加奈は石井の元に行き、巫女としてカグタバの完全復活の片棒を担いでしまう。すなわち無数の死んだ胎児を食べさせられる、与えられるなどされていたと思われる。

2004年2月、下鹿毛村跡のダム付近にある廃墟になった祭壇?で加奈が捉えられる。
青白い無数の赤ん坊に纏わりつかれた姿で、幽霊としてカメラに映り込んだのだ。この少し前に儀式は成功し、カグタバは力を取り戻したと思われる。
小林は三日石村(下鹿毛村からの移住民が多い)の石井の家を訪ね、石井と加奈の死体、そばにいたカグタバの少年を発見。被害者と勘違いし、カグタバの少年を保護してしまう。

2004年4月、カグタバ本人だとは知らずに一緒に暮らしていたが、霊能力者・堀光男が家に乱入。カグタバの正体を暴くも、呪いの力には勝てず洗脳。カグタバを連れて行方を晦ましてしまう。その3日後、堀は怪死した。
小林の妻は発狂して自宅もろとも焼身自殺、小林も消息を絶った。小林は少なくとも5月までは生きており、この日の映像を出版社に送り付けている。

【能力】
強力な呪いの力の持ち、対抗するのは不可能。
呪いの標的になるのは関わった者から無作為に選ばれる。呪われた場合確実に死亡するが、死ぬまでの時間はバラバラで、死因も一定ではない。
呪われた者の前にはハト(多くは窓にぶつかって死ぬ形で)が現れる。ハトが呪いを運ぶのか、呪われた人の元にハトが来るのかは不明である。禍具魂法の儀式の様子が描かれた絵巻『下陰流 禍具魂法』では、巫女からハトが飛び立っているため、前者の可能性が高いと思われる。
カグタバは自身の強化のために巫女を必要とする。巫女になる素質のある者は、霊媒体質の女性である。
カグタバは霊媒体質の者を取り込もうと非物理的な接触を行うことがある。すると彼女らの周囲には呪いが拡散し、カグタバに無関係であっても死に誘われることがある。

【対策】
カグタバの少年、影響を受けた霊媒体質の人間、下鹿毛村および三日石集落周辺に近寄ってはいけない。
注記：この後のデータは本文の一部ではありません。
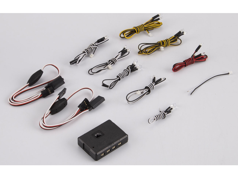 Balení obsahuje: řídící jednotku, 2 x 3 oranžové LED diody, 1 x 2 červené, LED diody, 5 x bílé LED diody celkem 9 ks, 2 x Y-kabely - Rx/servo, Rx/regulátor. Originální a český návod.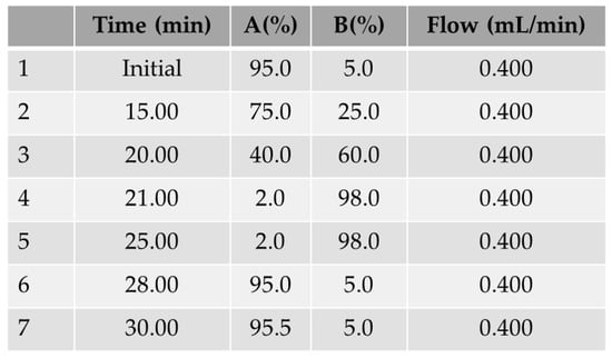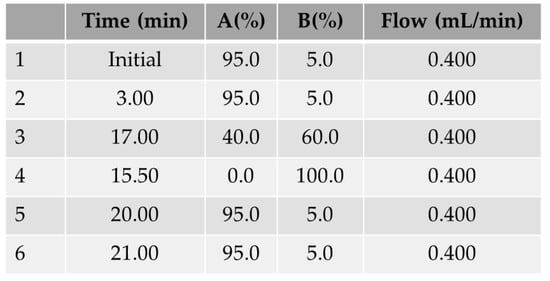 For limonoids determination was followed the method described by Celano et al. [32], using a UHPLC-DAD system equipped with a Kinetex 2.6 μm Biphenyl 100 Å. The chromatographic conditions are shown in Figure 3, in which the mobile phase consisted of water (A) and acetonitrile (B).

接触の度合いに関わらず、呪い殺される可能性がある。
下鹿毛村および三日石集落では、カグタバ除けに犬が多数飼われていた。カグタバの力の源であった猿の子が嫌うものとして用いられていたと思われる。
犬は呪いの初期段階では効果があるようだが、カグタバが誕生してしまうと効果を失ってしまう。絵巻にも儀式後、犬が死んでいる様子が描かれている。小林の映像においても、加奈の亡霊がいた廃祭壇に大量の死骸が散乱していた。
こちらも一時しのぎ程度でしかないが、鬼祭においてカグタバが仕掛けた綱を切ることから鎌もお守りになる。下鹿毛村の人々も玄関に鎌を飾っていた。
目下のところ、小林家から姿を消したカグタバの行方がようとして知れないのが最大の問題である。いついかなる場所で遭遇するとも限らず、不意に出会ってしまったらと思うと震えが止まらない。